For me these three lines of code already reproduced the error, no matter how much free memory was available:
import numpy as np
from sklearn.cluster import KMeans
X = np.array([[1, 2], [1, 4], [1, 0], [10, 2], [10, 4], [10, 0]])
kmeans = KMeans(n_clusters=1, random_state=0).fit(X)
I could solve the issue by removing an reinstalling the scikit-learn package. A very similar solution to this.
This can also occur if trying to compound threads using concurrent.futures. For example, calling .map inside another .map call.
This can be solved by removing one of the .map calls.
I had the same issue working with kmeans from scikit-learn.
Upgrading from scikit-learn 1.0 to 1.0.2 solved it for me.
This issue is often caused by incompatible libraries in your environment. In my case, it was the pyspark library.
In my case, reverting my most recent conda installs fixed the situation.

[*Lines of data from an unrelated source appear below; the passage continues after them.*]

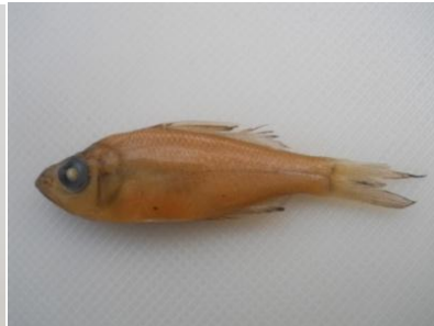
Fig.16. P. dayi , brownish
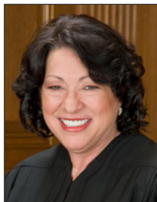
Supreme Court Associate Justice Sonia Sotomayor

The FCBA will be holding a luncheon in conjunction with its annual meeting on Wednesday, June 5, 2013. The program will include announcement of the FCBA election results, a presentation of awards, as well as recognition of scholarship and
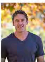
Anthony Koutoufides 278 games, 226 goals

Our football camp programs are overseen by experienced coaching panels with guest appearances from former Carlton FC AFL superstar Anthony Koutoufides. The two day innovative program covers all facets of football designed to improve skills in an enjoyable environment. Participant groups are assigned a coach who provides written feedback after taking them through the program. Each participant receives an autographed photograph with the coaching director.
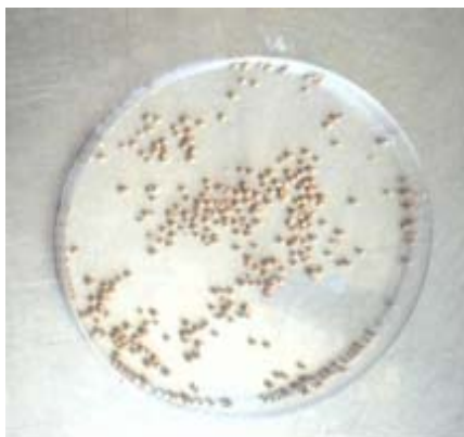
Fig. 2 Biological material

Saccharomyces cerevisiae is a species of yeast. It is perhaps the most useful yeast, having been instrumental to winemaking, baking, and brewing since ancient times.

I got this error when importing monai. It was solved after I created a new conda environment. Possible reasons I could imagine were either that there were some conflict between different packages, or maybe that my environment name was the same as the package name I wanted to import (monai).
found on other page.
interpreter: python 3.8
cv2.CascadeClassifier(cv2.data.haarcascades + "haarcascade_frontalface_default.xml")
this solved issue for me.
i was getting SIGSEGV with 2.7, upgraded my python to 3.8 then got different error with OpenCV. and found answer on OpenCV 4.0.0 SystemError: <class 'cv2.CascadeClassifier'> returned a result with an error set.
but eventually one line of code fixed it.